Below are records to repeat exactly; copy them without the pictures.

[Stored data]
++++++++

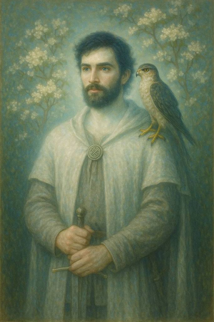Edern/Ydern/Isdernus/Yder, known as the Sparrowhawk Knight is a lesser-known Arthurian knight who appears in both antagonist and heroic roles in roughly equal measure, but in most of these stories he always ends up reconciled with Arthur. In the ‘Romance of Yder’, it is Arthur who is antagonistic, being depicted as a selfish and borderline-tyrannical king, and Ydern is depicted as a young, courageous, noble but untested young man desperate to prove himself. He is also a son of Nudd, like Gwyn. Nudd is likely identical with the proto-Brythonic god Nodens. Gwyn is an Otherworldly faerie figure, Lord of the Wild Hunt, which would likely make his brother Edern more-than-human too.
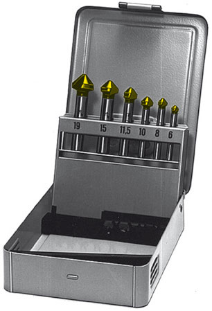 Assortimenti di 6 pezzi.Frese a 3 taglienti. Art. 8812 G. Conicità 90°.Ø mm: 6 - 8 - 10 - 11,5 - 15 - 19.L’assortimento in cassetta metallica.
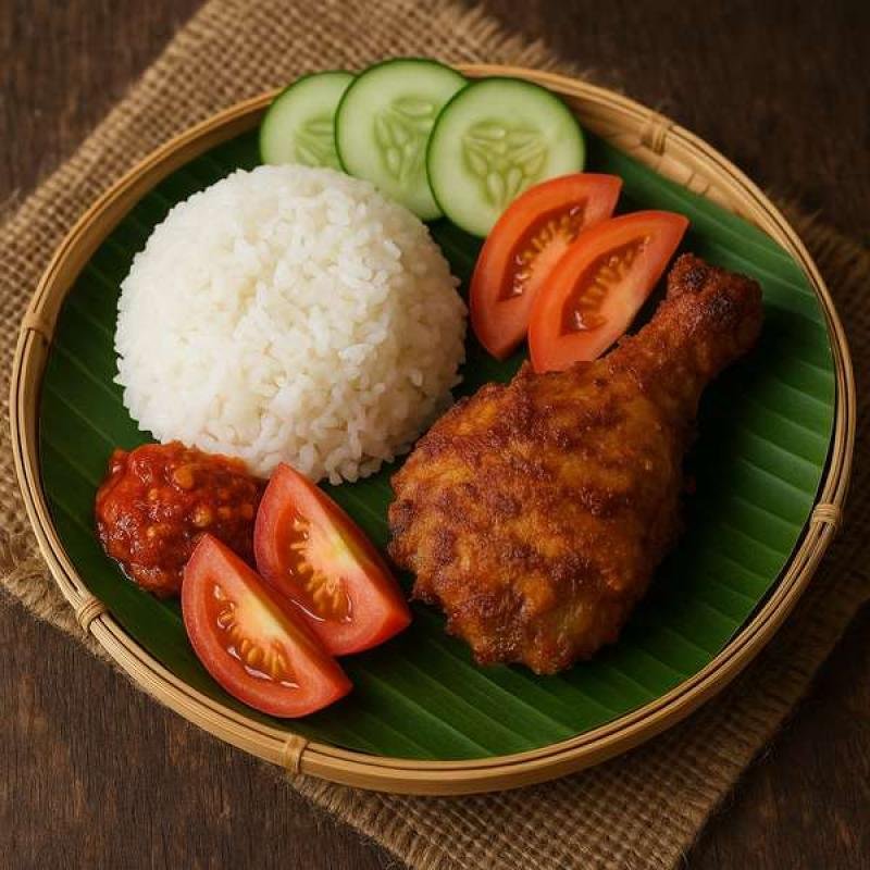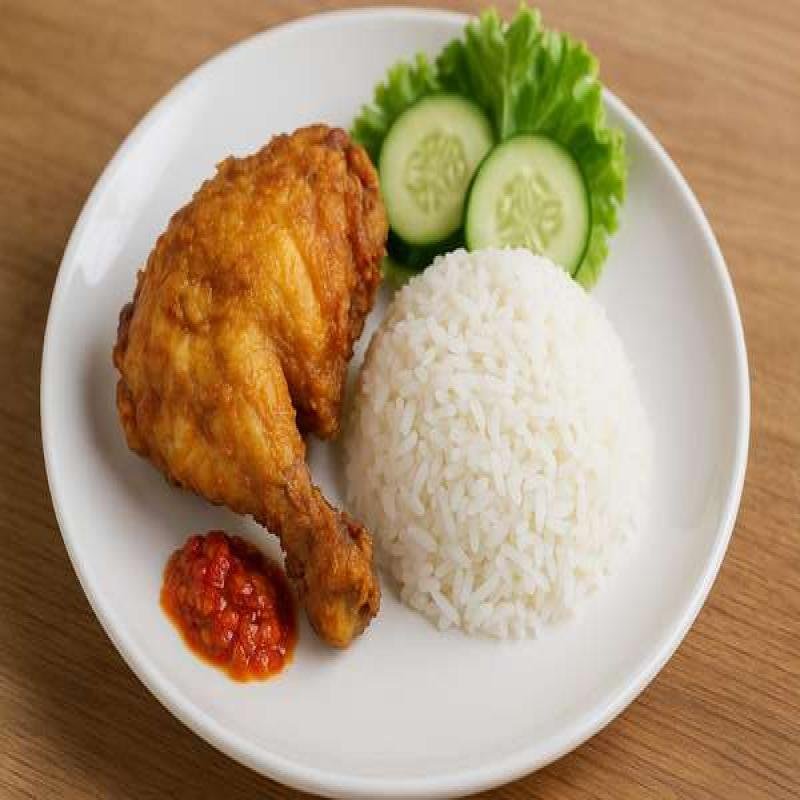 Ayam goreng khas rumah kami gurih dan renyah. Disajikan dengan nasi hangat dan sambal.
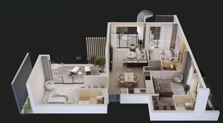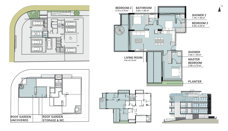 The apartment features an open-plan kitchen connected to the living and dining area, three bedrooms (two of which are en-suite with showers), and a main bathroom. The living room provides access to a spacious veranda and a roof garden with a BBQ area.
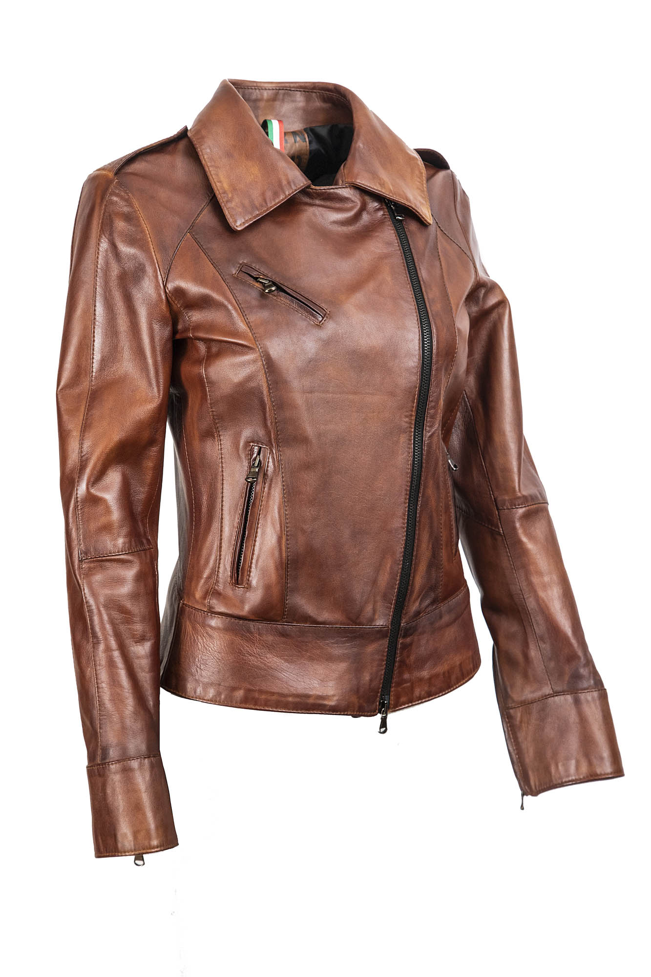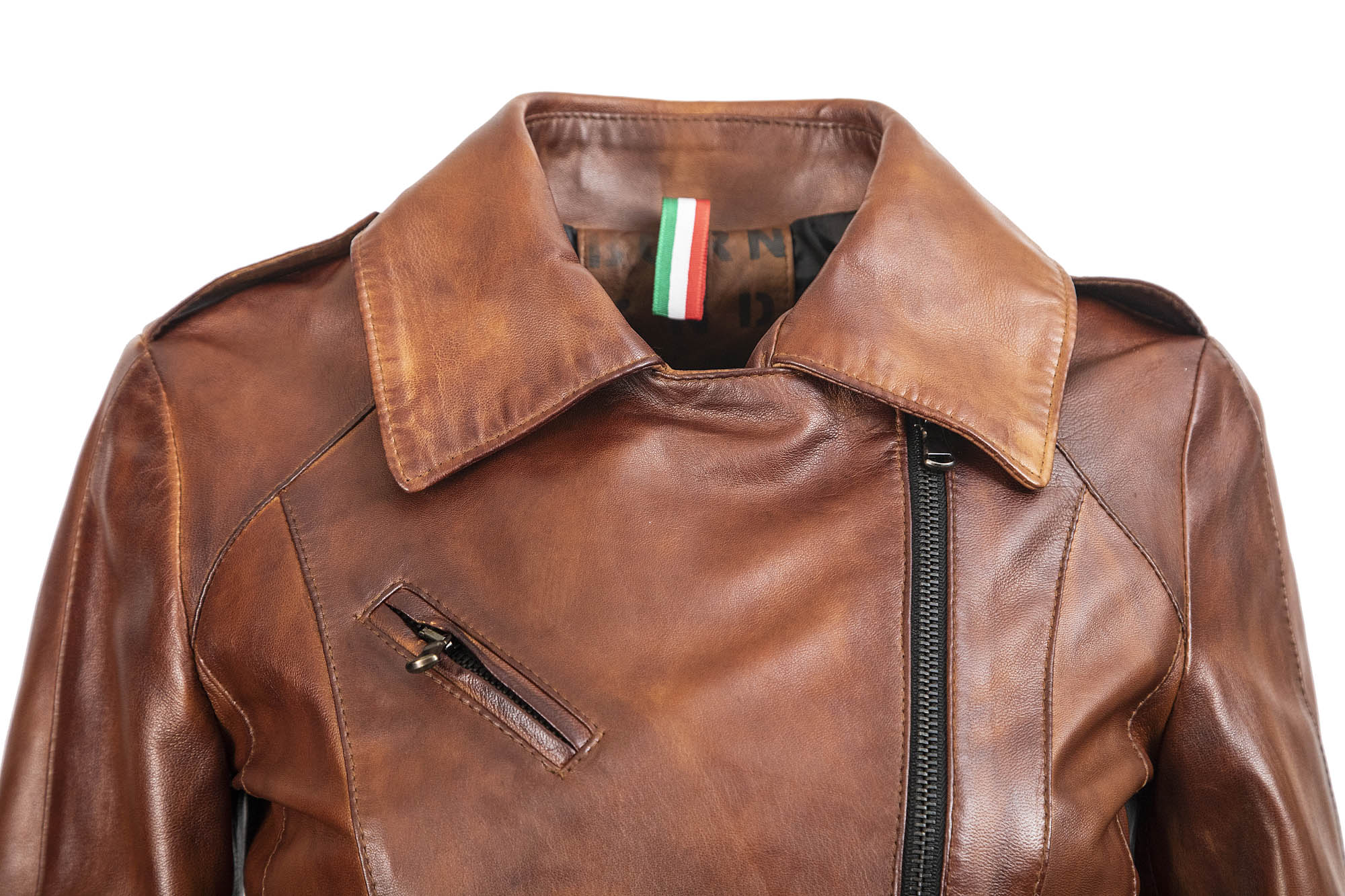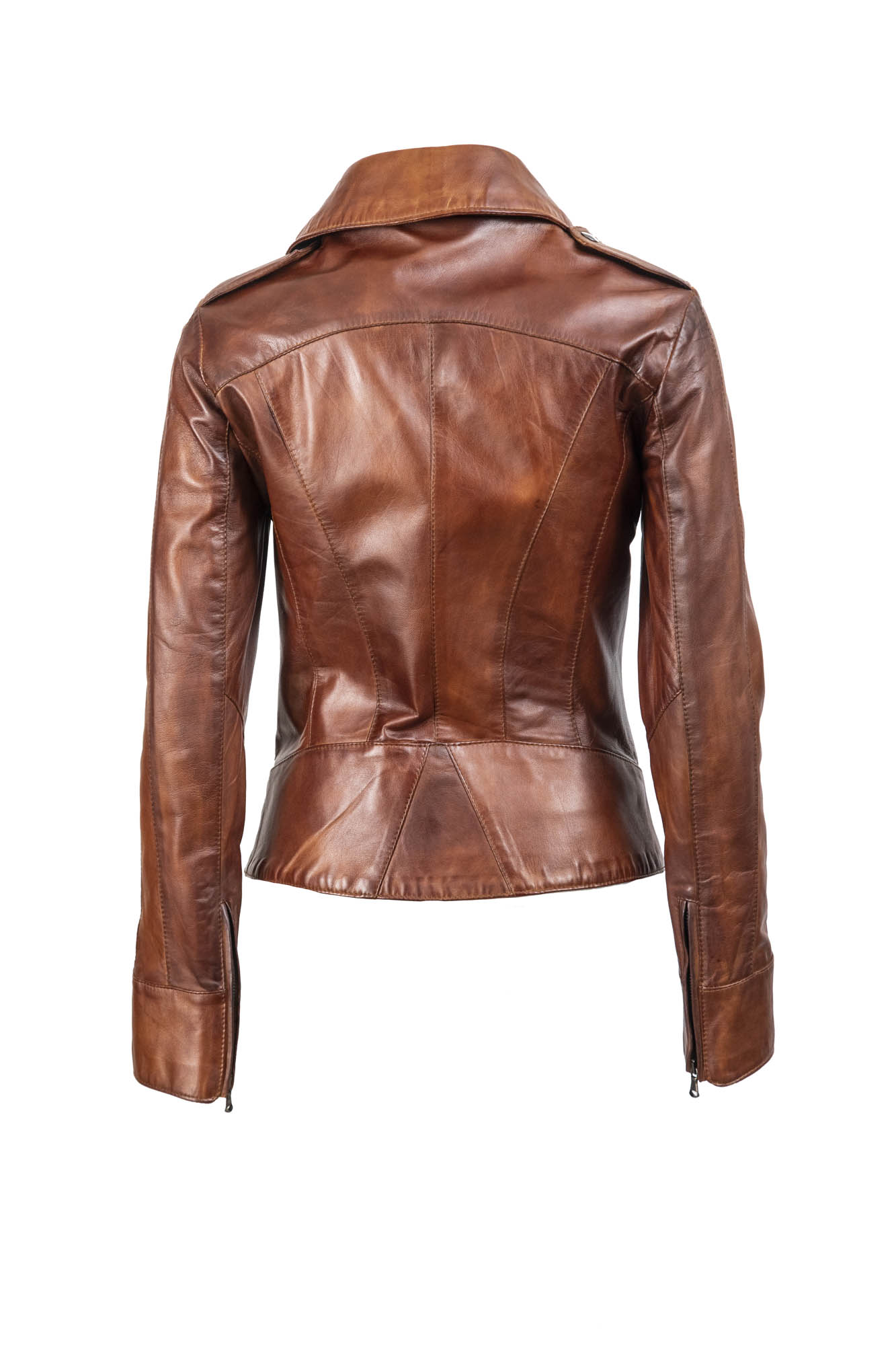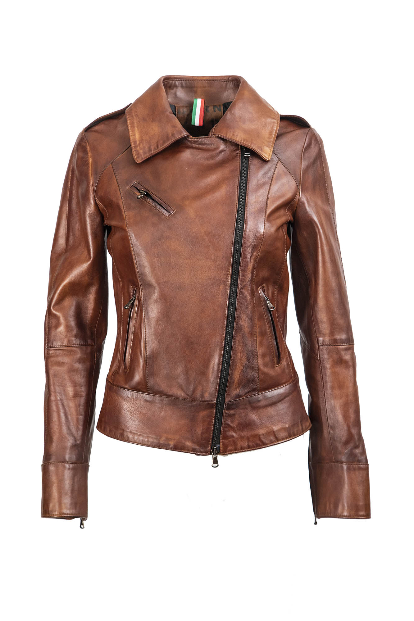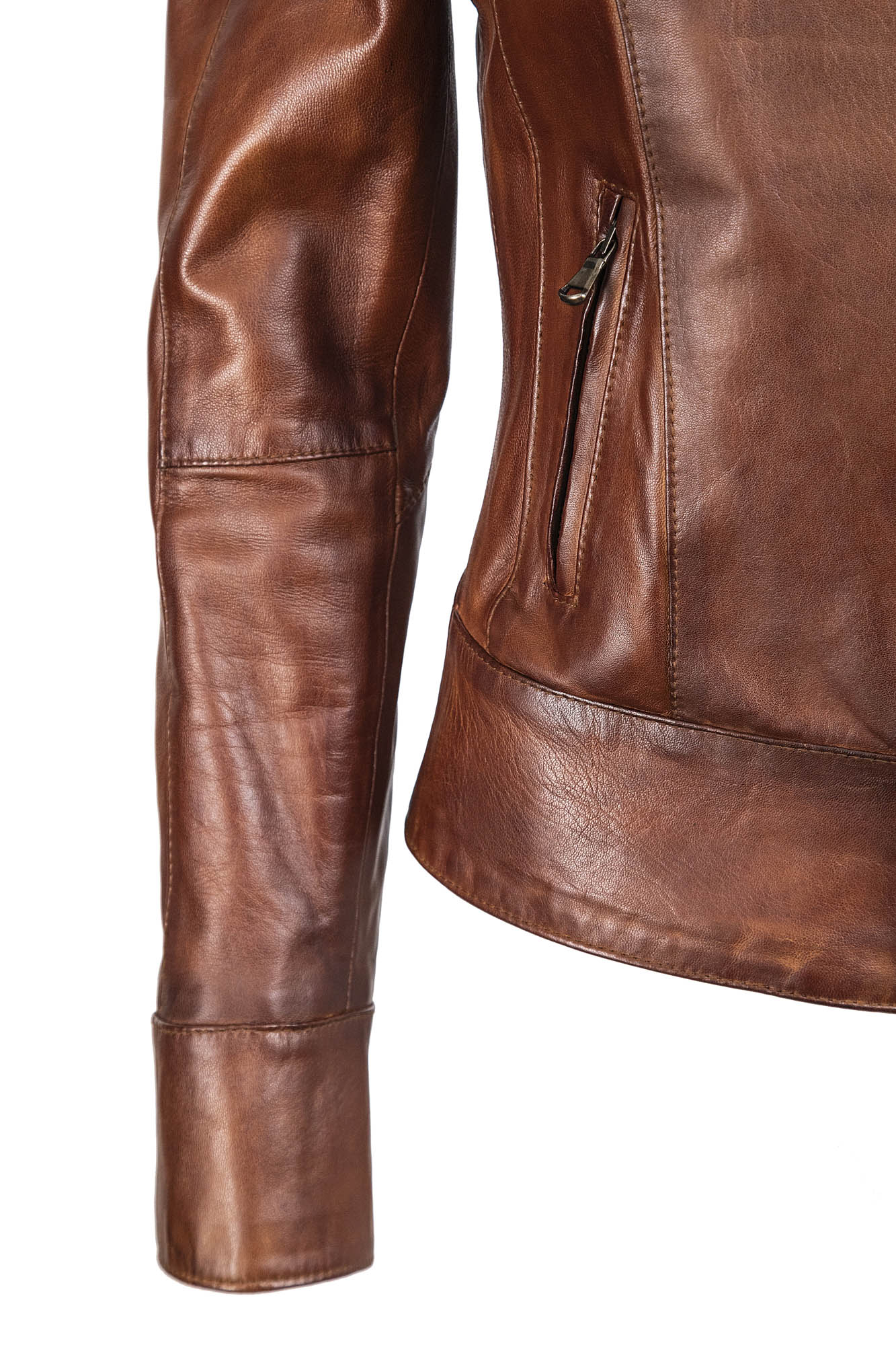Giacca di pelle tamponata a mano, chiusura con zip trasversale, tre tasche con chiusura zip, colletto.
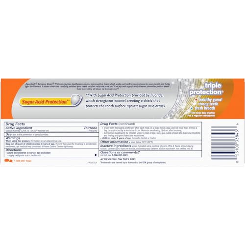 EXTREME CLEAN WITH MICRO-ACTIVE FOAMING ACTION + WHITENING whitening action Sugar Acid Protection** from Fluoride mint blast helps restore natural whiteness triple protection healthy gums strong teeth fresh breath with twice daily brushing *vs. a regular toothpaste Aquafresh Extreme Clean Whitening Action toothpaste creates micro-active foam which seeks out hard to reach places in your mouth and helps fight bad breath. It rinses clear and carefully polishes your teeth so after only one tube you will be left with significantly cleaner, smoother, whiter teeth*. Take the Feeling of Clean to the Extreme! **With Sugar Acid Protection provided by fluoride, which strengthens enamel, creating a shield that protects the tooth surface against sugar acid attack.
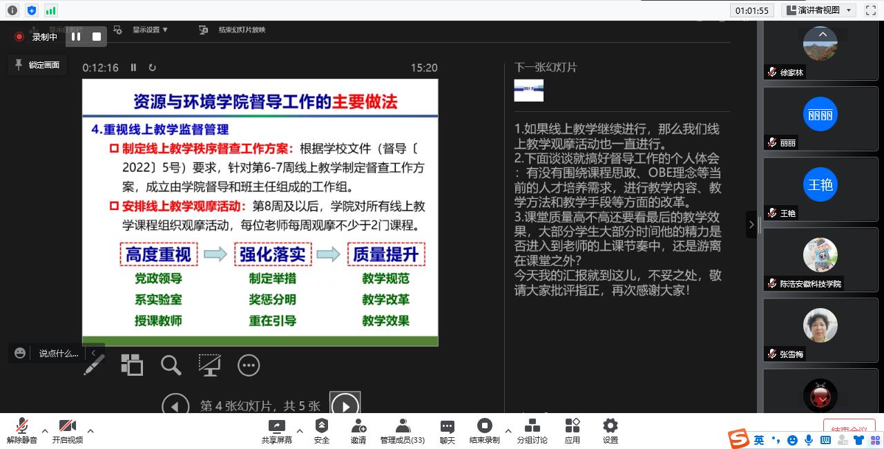 会上,校督导员杨剑婷老师分享《应用型高校评价改革与内部质量保障体系建设专题培训会》的学习成果,资环学院督导组组长邹海明分享学院督导工作创新措施,给其他二级学院督导工作提供了非常重要的参考价值和借鉴意义。本次督导工作会议的召开,明确了下一步重点工作及其要求,对学校线上、线下教学督导工作具有重要的指导意义。(特约通讯员:马万征 摄影:卫兰兰 审核:程斌 编辑:马万征)
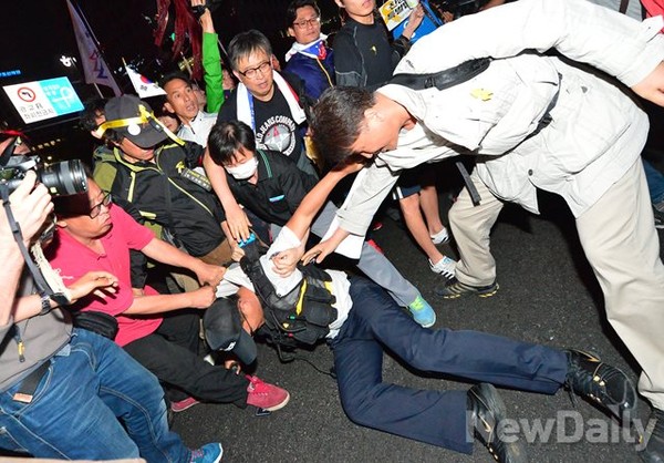 경찰 집기를 뺏는 등 과격한 행동을 보였다.
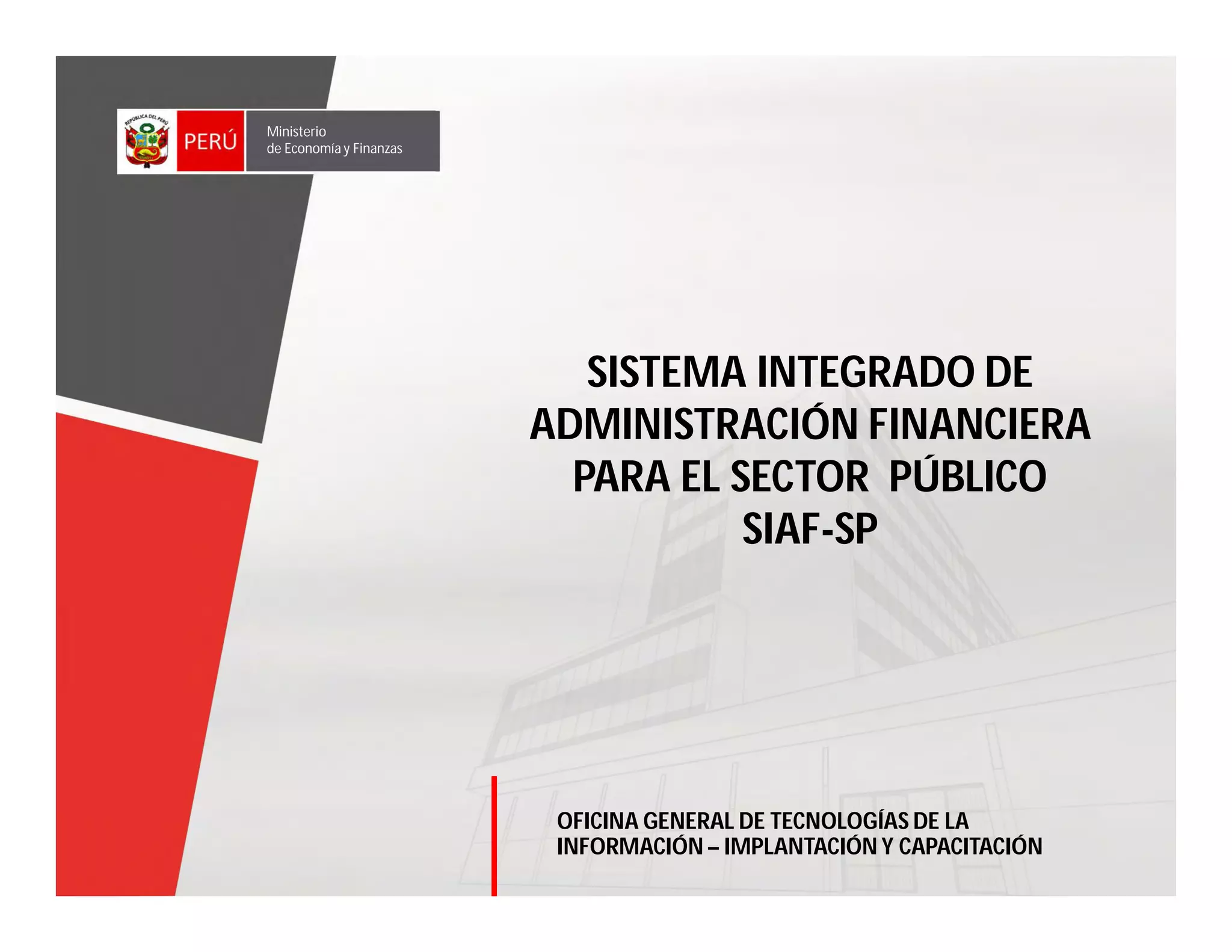 Este documento describe el Sistema Integrado de Administración Financiera para el Sector Público (SIAF-SP), el cual permite registrar, procesar y generar información relacionada con la administración financiera del sector público a nivel nacional, regional y local. El SIAF-SP está a cargo del Ministerio de Economía y Finanzas y consta de varios módulos como formulación presupuestal, procesos presupuestarios, administración financiera, contabilidad, control de pagos de planillas y deuda pública.
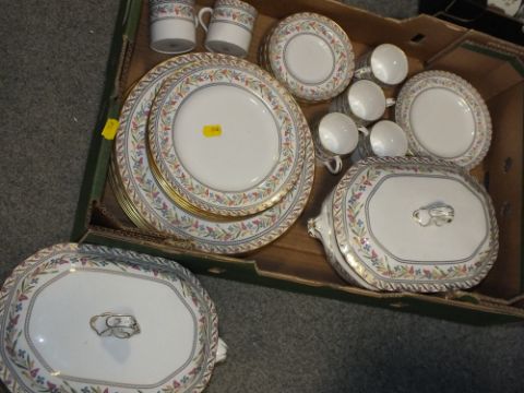 A TRAY OF SPODE SHARRATON PATTERN CHINA TO INCLUDE TUREENS, DINNER PLATES, CUPS AND SAUCERS ETC.
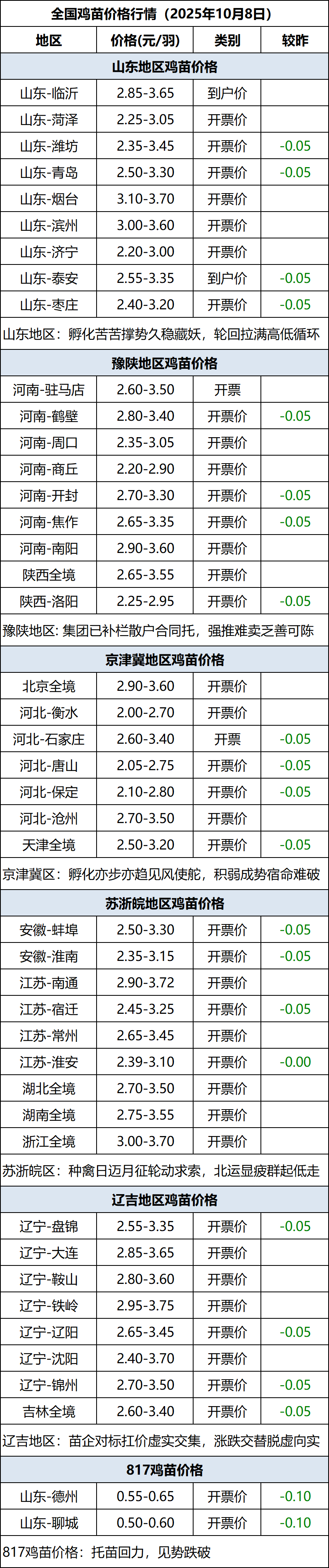 10月8日全国鸡苗(肉鸡)价格行情(落价)

++++++++

» ANSWER TO THIS TASK
Edern/Ydern/Isdernus/Yder, known as the Sparrowhawk Knight is a lesser-known Arthurian knight who appears in both antagonist and heroic roles in roughly equal measure, but in most of these stories he always ends up reconciled with Arthur. In the ‘Romance of Yder’, it is Arthur who is antagonistic, being depicted as a selfish and borderline-tyrannical king, and Ydern is depicted as a young, courageous, noble but untested young man desperate to prove himself. He is also a son of Nudd, like Gwyn. Nudd is likely identical with the proto-Brythonic god Nodens. Gwyn is an Otherworldly faerie figure, Lord of the Wild Hunt, which would likely make his brother Edern more-than-human too.
 Assortimenti di 6 pezzi.Frese a 3 taglienti. Art. 8812 G. Conicità 90°.Ø mm: 6 - 8 - 10 - 11,5 - 15 - 19.L’assortimento in cassetta metallica.
 Ayam goreng khas rumah kami gurih dan renyah. Disajikan dengan nasi hangat dan sambal.
 The apartment features an open-plan kitchen connected to the living and dining area, three bedrooms (two of which are en-suite with showers), and a main bathroom. The living room provides access to a spacious veranda and a roof garden with a BBQ area.
Giacca di pelle tamponata a mano, chiusura con zip trasversale, tre tasche con chiusura zip, colletto.
 EXTREME CLEAN WITH MICRO-ACTIVE FOAMING ACTION + WHITENING whitening action Sugar Acid Protection** from Fluoride mint blast helps restore natural whiteness triple protection healthy gums strong teeth fresh breath with twice daily brushing *vs. a regular toothpaste Aquafresh Extreme Clean Whitening Action toothpaste creates micro-active foam which seeks out hard to reach places in your mouth and helps fight bad breath. It rinses clear and carefully polishes your teeth so after only one tube you will be left with significantly cleaner, smoother, whiter teeth*. Take the Feeling of Clean to the Extreme! **With Sugar Acid Protection provided by fluoride, which strengthens enamel, creating a shield that protects the tooth surface against sugar acid attack.
 会上,校督导员杨剑婷老师分享《应用型高校评价改革与内部质量保障体系建设专题培训会》的学习成果,资环学院督导组组长邹海明分享学院督导工作创新措施,给其他二级学院督导工作提供了非常重要的参考价值和借鉴意义。本次督导工作会议的召开,明确了下一步重点工作及其要求,对学校线上、线下教学督导工作具有重要的指导意义。(特约通讯员:马万征 摄影:卫兰兰 审核:程斌 编辑:马万征)
 경찰 집기를 뺏는 등 과격한 행동을 보였다.
 Este documento describe el Sistema Integrado de Administración Financiera para el Sector Público (SIAF-SP), el cual permite registrar, procesar y generar información relacionada con la administración financiera del sector público a nivel nacional, regional y local. El SIAF-SP está a cargo del Ministerio de Economía y Finanzas y consta de varios módulos como formulación presupuestal, procesos presupuestarios, administración financiera, contabilidad, control de pagos de planillas y deuda pública.
 A TRAY OF SPODE SHARRATON PATTERN CHINA TO INCLUDE TUREENS, DINNER PLATES, CUPS AND SAUCERS ETC.
 10月8日全国鸡苗(肉鸡)价格行情(落价)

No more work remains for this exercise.